Meet Roger Rice

November 18, 2016 Resident Spotlight

Roger Rice was born June 7, 1925 in Detroit, Michigan. Roger was the only son with five loving sisters. He attended St. Vincent’s in the first grade and when the family moved, he attended and graduated from St. Leo’s on Grand River in Detroit.

Both Roger’s parents were from Lebanon and were very devout Catholics of the Maronite Rite, which was one of the first of the Eastern Catholic Rites. As such, Roger had a life grounded in deep faith and ministry. He still remembers the names of the sisters and priests who taught him at St. Leo. In fact, he still keeps in touch with his 5th grade teacher, Sister Annina Morgan, who is now 100 years old.

“She was nineteen and I was ten,” said Roger. “She was absolutely gorgeous. I told her I was going to marry her when I grew up. She told me, ‘Sisters don’t marry, but I love you.’”

There were thirty sisters, a monsignor, and five priests at St Leo’s in the years Roger attended, all of whom had a profound impact on his life.

After graduating in 1943, Roger began his first venture of many. He enlisted in the Navy, V5 Aviation Program in hopes of eventually becoming a pilot in the U.S. Navy. Roger’s first assignment was four semesters at Western Michigan University in preparation for Midshipman school at Columbia University upon completion of which he was assigned to active duty.

But that was just the beginning for Roger. Over the course of his life, Roger worked and assisted in managing the six grocery stores his father had in Detroit, Michigan. He followed the grocery store business after his father entered eternal life, as a Health inspector in Detroit, Michigan.

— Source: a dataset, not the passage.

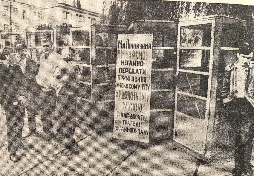 Вінничани ходили на мітинг щоб будівлю міськвиконкому віддали під художній музей та оголошували політичні голодування з вимогою не пускати до влади в Україні апаратників компартії.
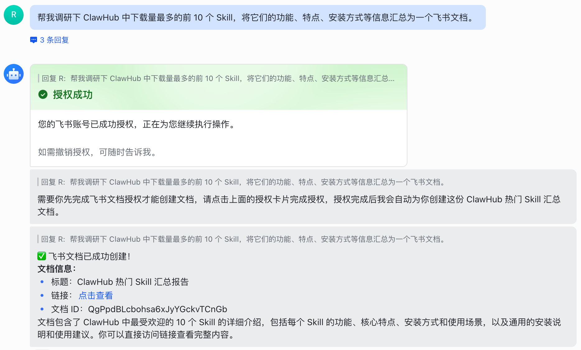 在授权成功后,它就会自动创建一个飞书文档,并将调研结果保存到这个文档里了。

Roger’s background with the Navy was engineering, as such, he had the opportunity to change his career and became employed by Micromatic Hone Corporation, a company involved in manufacturing Micromatic for thirteen years.

He also worked a short time with a company that represented Nagel, a major German honing machine company. That ultimately led him to forming his own company, Michigan Hone and Drill in partnership with his brother in law, Don Mason, who was grinding and polishing sheet steel for the nuclear fuel power facilities. Roger was President to Michigan Hone and Drill, and Vice President of his Don’s company, Abrasives and Machining. Both of these companies remained listed among the important machine companies for over twenty years.

Roger was married to the love of his life, Betty Mason Mansour on June 15 1952. They were blessed with five sons and one daughter, the opposite of Roger’s parents who had five daughters and Roger.

Roger and Betty shared many interests, including a love of ministry and music, a talent also acquired by their children. Both he and Betty were parishioners in the parishes of St. Benedict, St. Anselms and St. Owen. During forty years of their fifty-four years of marriage, they were involved in religious education and Eucharistic Ministry. They also served as ushers and lectors, and participated in choir.

Roger also attended Sacred Heart Major Seminary and became a Pastoral Minister in 1990. He served at St. Ownen in that capacity until 2007 when Betty entered eternal life.

“We loved helping people,” said Roger. “It brought us close to family life, friends and most importantly our faith.”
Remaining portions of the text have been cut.